A business we conduct business with really wants to provide us with single.2 gb CSV file every single day that contains about 900,000 product entries. Merely a small area of the file changes every single day, maybe under .5%, and it is just items being added or dropped, not modified. We have to display the merchandise entries to the partners.
Why is this more difficult is the fact that our partners should only have the ability to see product entries available inside a 30-500 mile radius of the zipcode. Each product listing row includes a area for which the particular radius for that method is (some are just 30, some are 500, some are 100, etc. 500 may be the max). Someone inside a given zipcode will probably have only 20 results approximately, and therefore there's likely to be a lot of unused data. We do not understand all the partner zip codes in advance.

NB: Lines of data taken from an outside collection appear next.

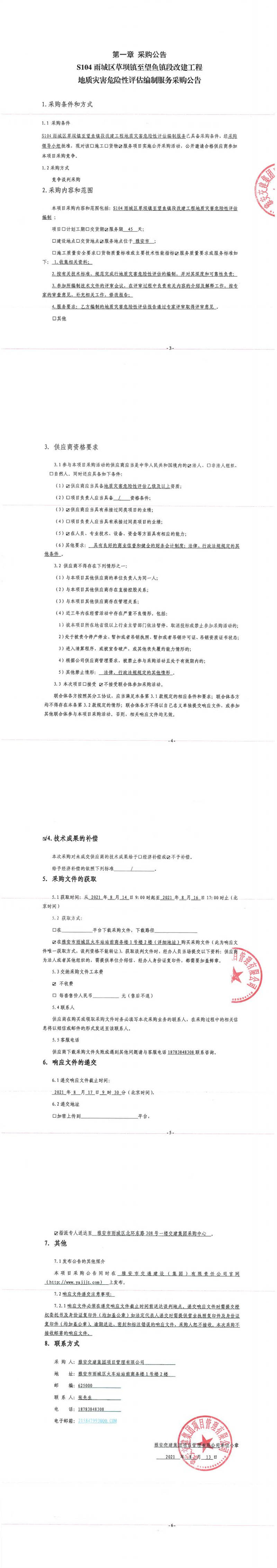 雅安交建集團(tuán)項(xiàng)目管理有限公司S104雨城區(qū)草壩鎮(zhèn)至望魚鎮(zhèn)段改建工程地質(zhì)災(zāi)害危險性評估編制服務(wù)采購公告
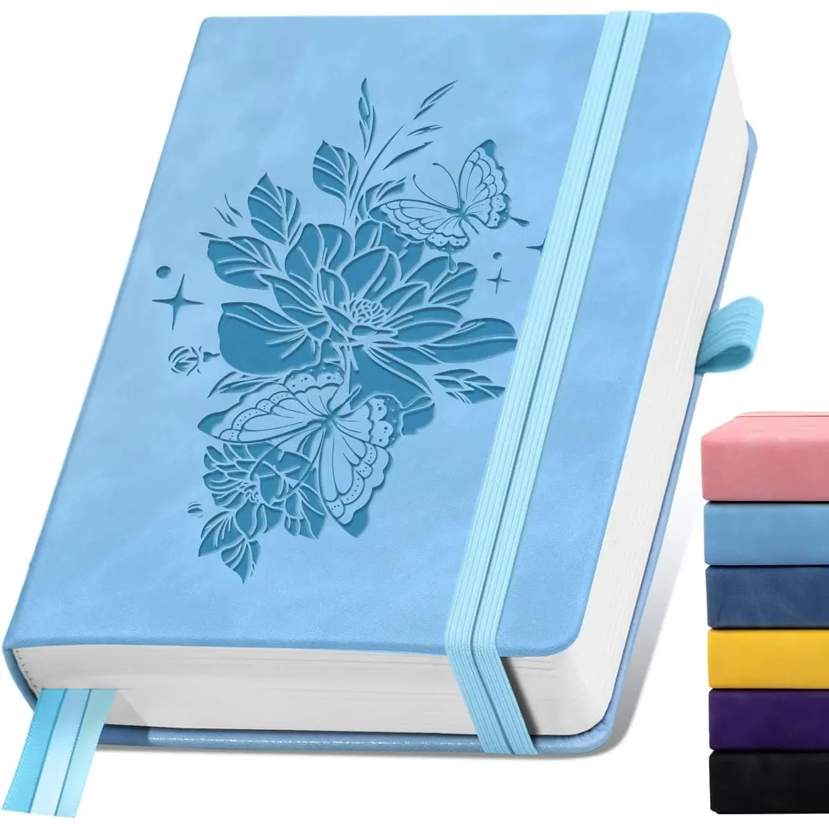 【Practical Journal Notebook Design】The elastic pen holder ensures you never lose track of your pen, and the two elastic closures ensure your journal stays securely closed; The three bookmarks and inner pocket allow you to mark important pages easily and store small notes or keepsakes.
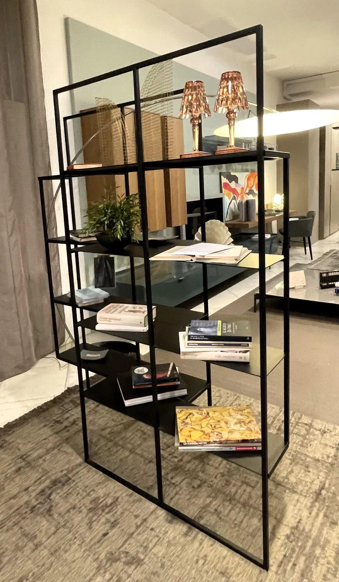 Perfetta come libreria moderna in metallo, divisorio leggero o elemento scenografico da parete, Optic unisce estetica e funzionalità in un equilibrio raffinato che si adatta a diversi stili abitativi.

We must consider performance, so I am unsure what the easiest method to build a storage shed is.
Must I have two databasesBody with zip codes and latitude/longitude and employ the Haversine formula for calculating distance...and also the other the particular product database...after which exactly what do I actually do? Return all of the zip codes inside a given radius and search for a match within the product database? For any 500 mile radius that will be a lot of zip codes. Or write a MySQL function?

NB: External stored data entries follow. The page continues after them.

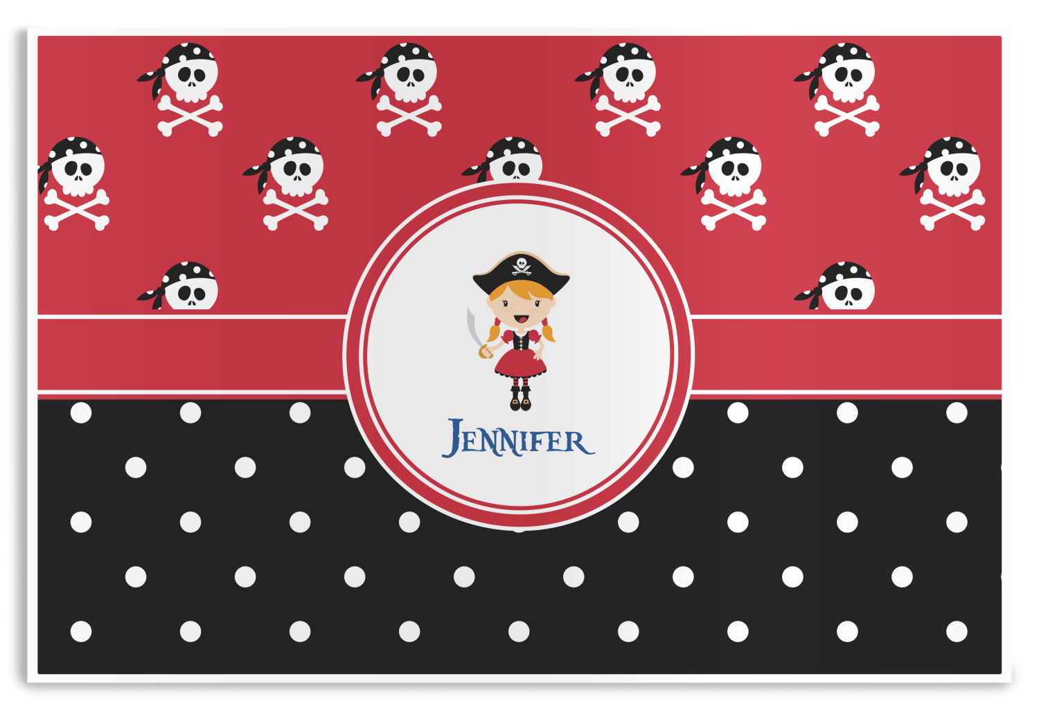 A wide band of red, trimmed in white highlight the little pirate girl in the circle label. Add your personalization in the label to complete the look.
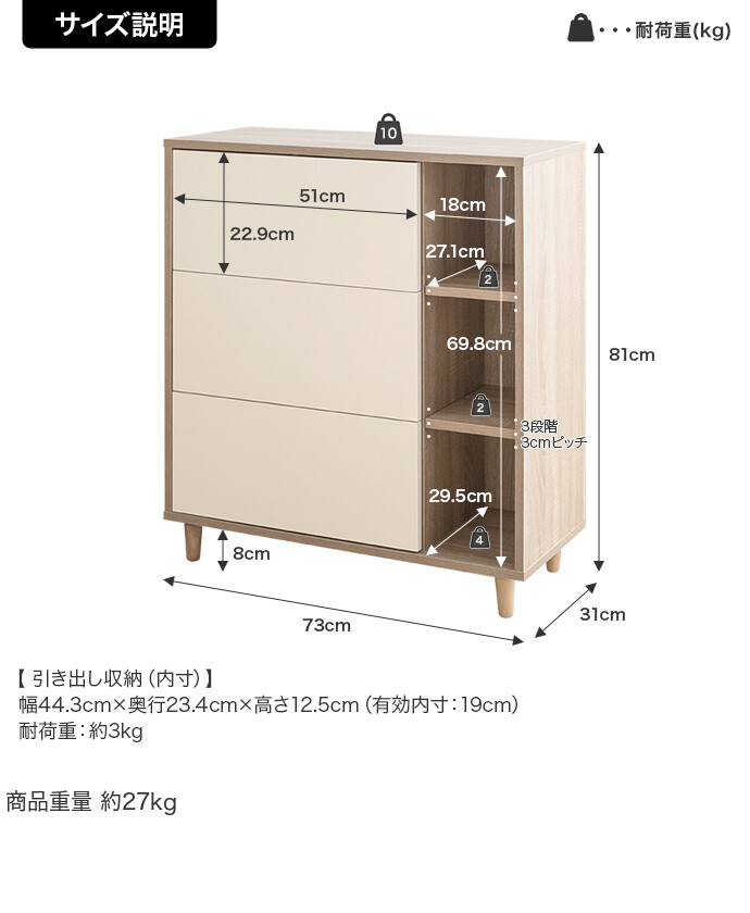 ■サイズ:幅73cm×奥行31cm×高さ81cm
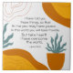 Inspirational quote scripture ceramic tile features modern shapes and plant designs in earth tones and simple, abstract forms. It features Bible Verse John 16:33, "I have told you these things, so that in me you may have peace. In this world you will have trouble. But take heart! I have overcome the world."
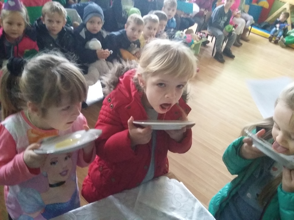 Dzieci chętnie recytowały wiersze, śpiewały znane piosenki o misiach. Każde otrzymało dyplom „Przyjaciela Pluszowego Misia”. A na końcu było najsmaczniej, bo każdy zjadł kawałek tortu upieczonego specjalnie na tę okazję przez jedną z mam. ( Dziękujemy pani Ewie Sieroń za pyszny tort.)
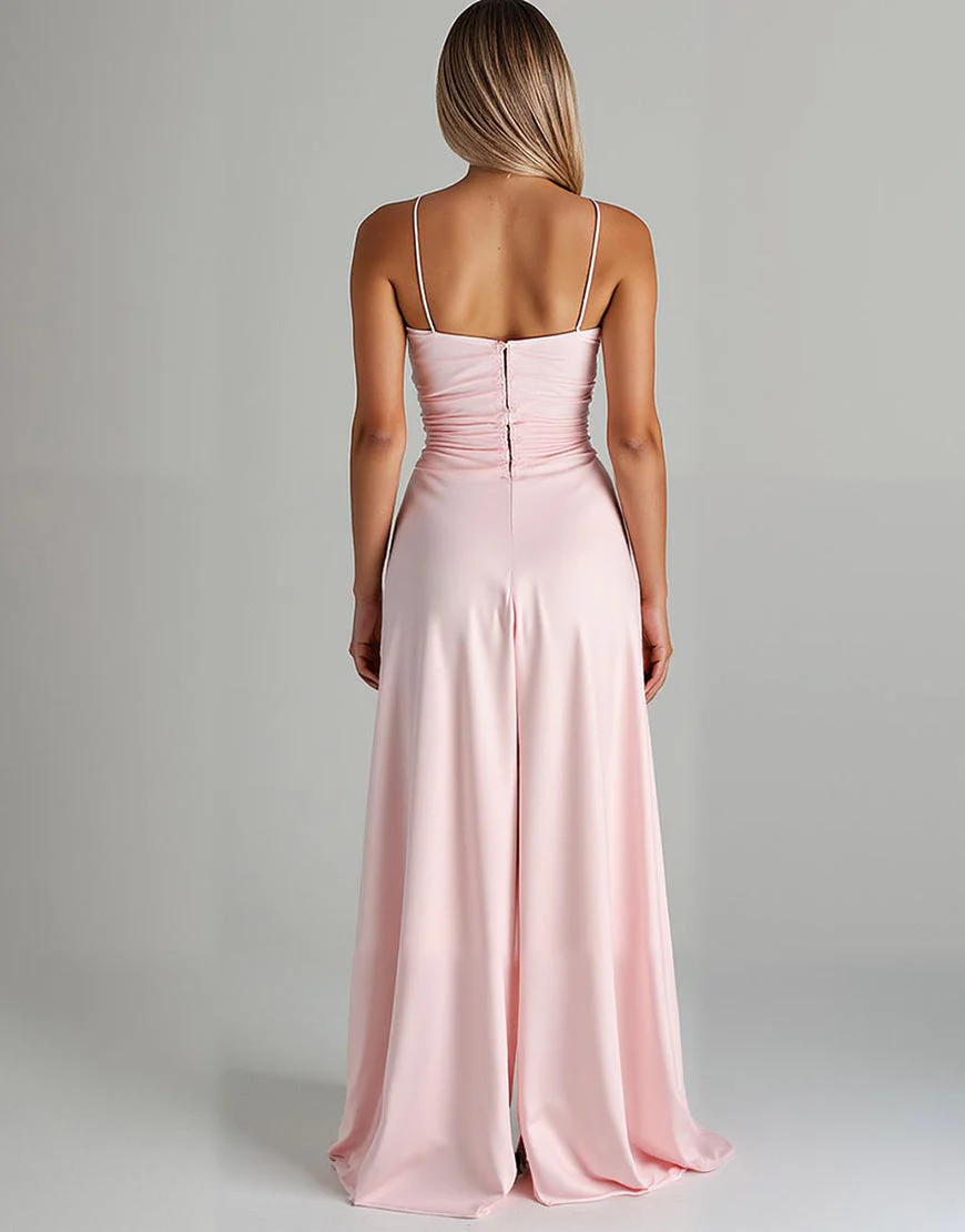 Café Mousseline De Soie Une Ligne Spaghetti Bretelles Longue Robe De Soirée

We're able to use Amazon . com SimpleDB to keep the database...however I have this issue using the zip codes. I possibly could make two "domain names" as Amazon . com calls them, one for that items, and something for that zip codes? I do not think you may make a question across multiple SimpleDB domain names, though. A minimum of, I do not observe that any place in their documentation.
I am available to another solution entirely. It does not need to be PHP/MySQL or SimpleDB. Just bear in mind our devoted server is really a P4 with 2 gb. We're able to upgrade the RAM, it is simply that people can't throw a lot of processing energy only at that. As well as store and process the database every evening on the VPS somewhere where it can't be considered a problem when the VPS were unbearably slow that can be a 1.2 gb CSV has been processed. We're able to even process the file offline on the pc after which remotely update the database every single day...other than i quickly have this issue with zip codes and product entries requiring to become mix-recommended.

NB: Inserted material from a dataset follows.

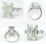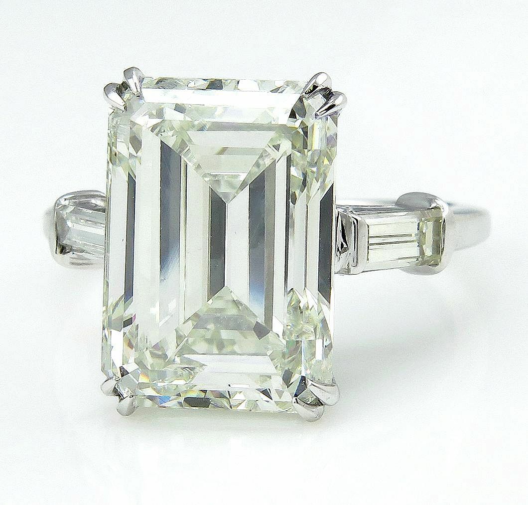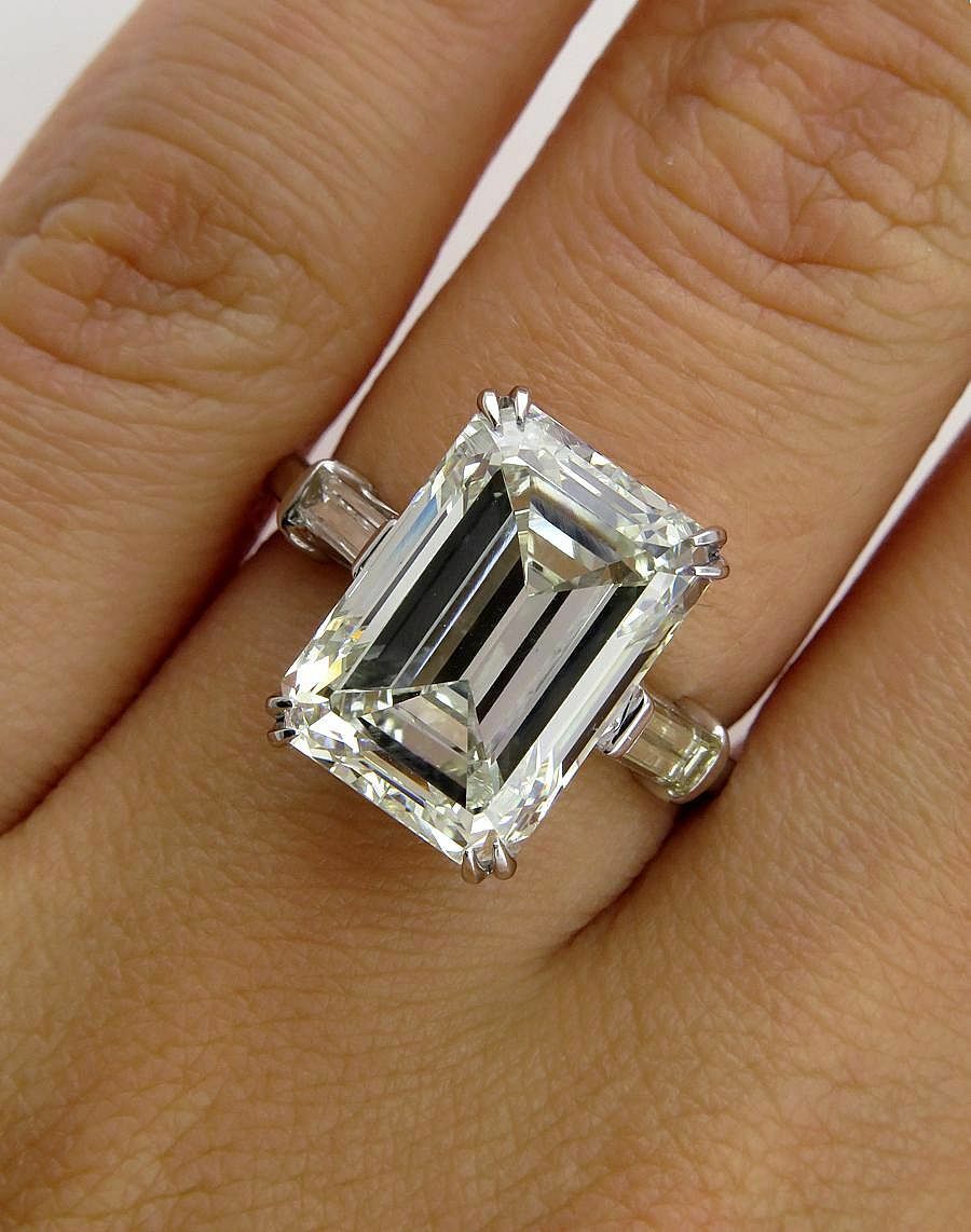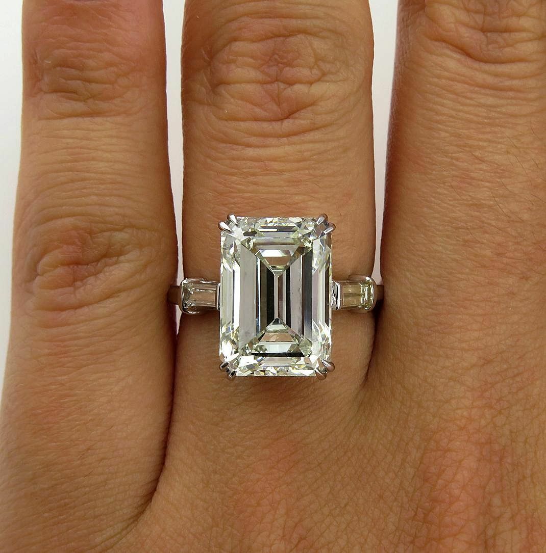 3Ct Emerald Diamond Trilogy Engagement Ring 18K White Gold Over Baguette Accent

Particularly with Postgres 9.1, which enables k-nearest neighbour search queries using GIST indexes.
Well, that's a fascinating problem indeed.
This appears like its really two issues, one how in the event you index the databases and the second reason is how you can you retain it current. The very first you are able to achieve while you describe, but normalization might be considered a problem, for the way you're storing the zipcode. This mainly comes lower as to the your computer data appears like.
For the 2nd one, this really is more my specialization. You could have the consumer upload the csv for you because they presently are, have a copy from the one from yesterday and run it via a diff utility, or leverage Perl, PHP, Python, Party or other tools you've, to obtain the lines which have transformed. Pass individuals right into a second block that will improve your database. I've worked with clients with issues along this line and scripting it away is commonly the best option. If you want assist with organizing your script that's always available.